We showed that in TMEV-induced inflammation, CD45+ cell activation within the forebrain is most consistently found in the SVZ and periventricular regions. Interestingly, neuroblast emigration from the SVZ increased at the same time as CD45+ cell activation. At later time points, when SVZ inflammation had subsided, neurogenesis decreased. We also showed that the forebrain is affected before the cerebellum and spinal cord. In contrast to the spinal cord, where extensive CD45+ cell infiltration was observed in white matter tracts, forebrain white matter was relatively spared at all time points.

A wide variety of preclinical models of injury and disease increase neurogenesis and induce neuroblast emigration from the SVZ [1, 12, 13, 49]. We showed that TMEV induced SVZ neuroblasts to emigrate, to our knowledge, the first example of neuronal emigration from the SVZ in a model of brain inflammation. Since maximal emigration occurred at the same time as maximal CD45+ cell activation in the forebrain, it is very likely that CD45+ activated cells secrete molecules contributing to SVZ neuroblast emigration. Future mechanistic studies may identify molecular interactions between CD45+ cells and SVZ neuroblasts and thereby lead to molecular approaches designed to augment neural repair.

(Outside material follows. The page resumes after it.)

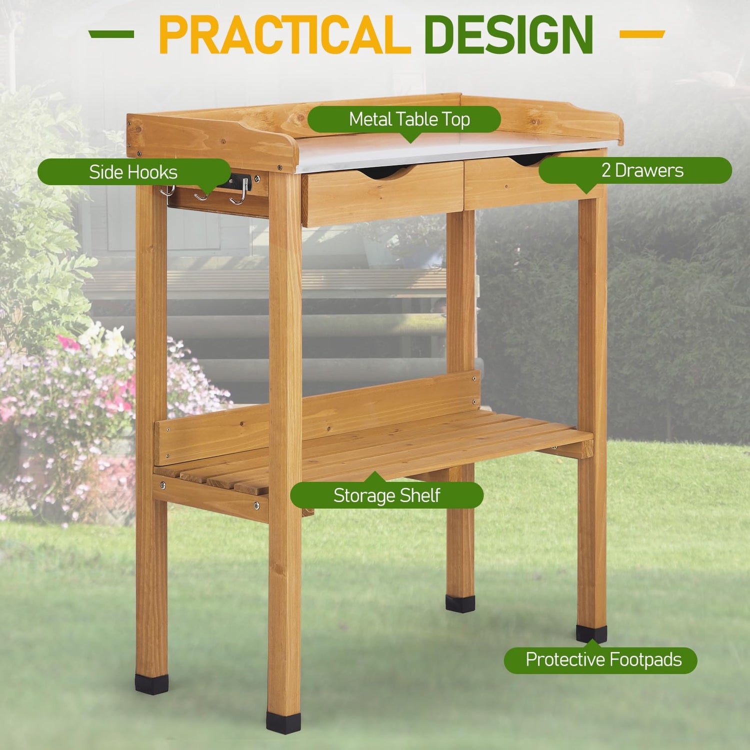 • 【Solid Fir Wood Construction】Crafted from high-quality fir wood, this potting bench is sturdy, stable, and naturally resistant to outdoor elements, offering long-lasting performance

Although neuroblast emigration was augmented at early time points after TMEV inoculation, the number of neuroblasts was unchanged. Other studies have shown that inflammation rapidly reduces adult neurogenesis [5, 6], however we did not observe decreases in Dcx+ neuroblasts during the time of maximal inflammation. Decreased numbers of Dcx+ neuroblasts were only found in "chronic mice", well after major inflammation had subsided. Surprisingly, Dcx+ cell numbers decreased in both the SVZ and dentate gyrus, even though only the former exhibited focal inflammation. Our results suggest that even though SVZ neuroblasts emigrate relatively soon after TMEV inoculation, any autologous repair may be attenuated by delayed decreases in neurogenesis.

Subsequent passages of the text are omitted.